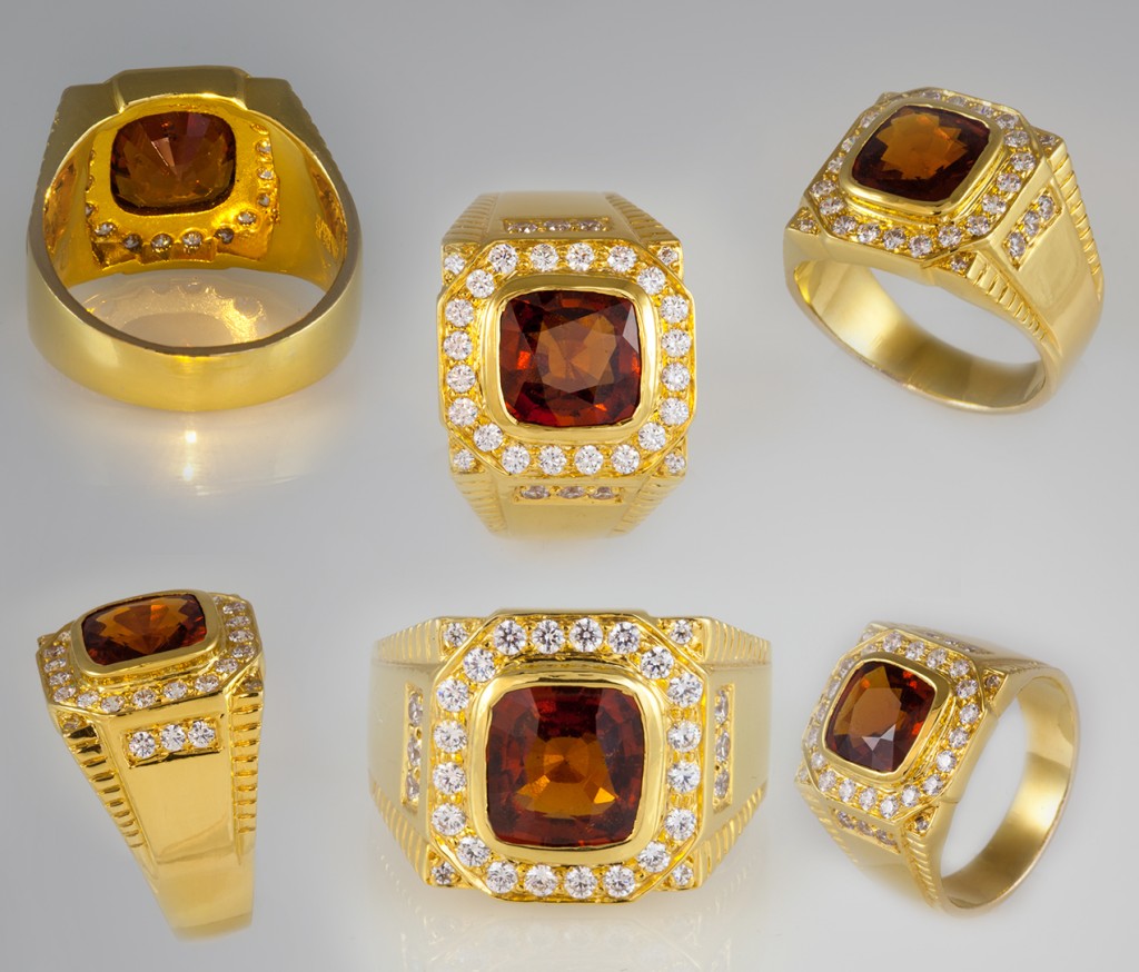 Photograph showing detailing of the fine Hessonite ring set in Gold
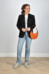 Mooie blazer van Anne Bing, in de kleur zwart. Een op herenmode geïnspireerde blazer in een recht silhouet met een single-breasted sluiting met twee knopen, een paspelzak op de borst, twee binnenborstzakken en twee functionele klepzakken op de heupen. Afgewerkt met twee verticale splitten onderaan de achternaden. Deze blazer is wat langer en boxer. Wij adviseren om je eigen maat te nemen. Gemaakt van volledig gevoerde lichtgewicht 100% wol om het hele jaar door te dragen.
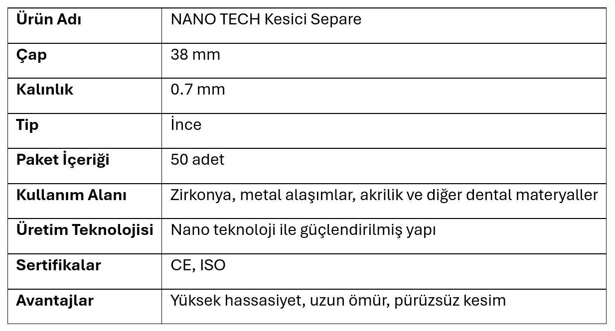 NANO TECH Kesici Separe (38×0.7 mm) – İnce – 50 Adet, diş teknisyenleri ve laboratuvar profesyonelleri için özel olarak tasarlanmış yüksek performanslı kesim diskleridir. 38 mm çap ve 0.7 mm inceliği ile hassas ve detaylı kesimlerde üstün performans sunar. Yenilikçi nano teknoloji üretim süreci sayesinde dayanıklılığı artırılmış, uzun ömürlü bir kullanım sağlar. Zirkonya, metal alaşımlar, akrilik ve diğer dental materyaller üzerinde temiz, hızlı ve pürüzsüz kesimler yaparak iş süreçlerinizi kolaylaştırır. 50 adetlik ekonomik paket içeriği, laboratuvarınızın ihtiyaçlarını uzun süre karşılayacak şekilde hazırlanmıştır.

**REQUIREMENT:** Return the whole listing, word for word, and leave out every picture.

**EXPECTED OUTPUT:**
 Photograph showing detailing of the fine Hessonite ring set in Gold
 Mooie blazer van Anne Bing, in de kleur zwart. Een op herenmode geïnspireerde blazer in een recht silhouet met een single-breasted sluiting met twee knopen, een paspelzak op de borst, twee binnenborstzakken en twee functionele klepzakken op de heupen. Afgewerkt met twee verticale splitten onderaan de achternaden. Deze blazer is wat langer en boxer. Wij adviseren om je eigen maat te nemen. Gemaakt van volledig gevoerde lichtgewicht 100% wol om het hele jaar door te dragen.
 NANO TECH Kesici Separe (38×0.7 mm) – İnce – 50 Adet, diş teknisyenleri ve laboratuvar profesyonelleri için özel olarak tasarlanmış yüksek performanslı kesim diskleridir. 38 mm çap ve 0.7 mm inceliği ile hassas ve detaylı kesimlerde üstün performans sunar. Yenilikçi nano teknoloji üretim süreci sayesinde dayanıklılığı artırılmış, uzun ömürlü bir kullanım sağlar. Zirkonya, metal alaşımlar, akrilik ve diğer dental materyaller üzerinde temiz, hızlı ve pürüzsüz kesimler yaparak iş süreçlerinizi kolaylaştırır. 50 adetlik ekonomik paket içeriği, laboratuvarınızın ihtiyaçlarını uzun süre karşılayacak şekilde hazırlanmıştır.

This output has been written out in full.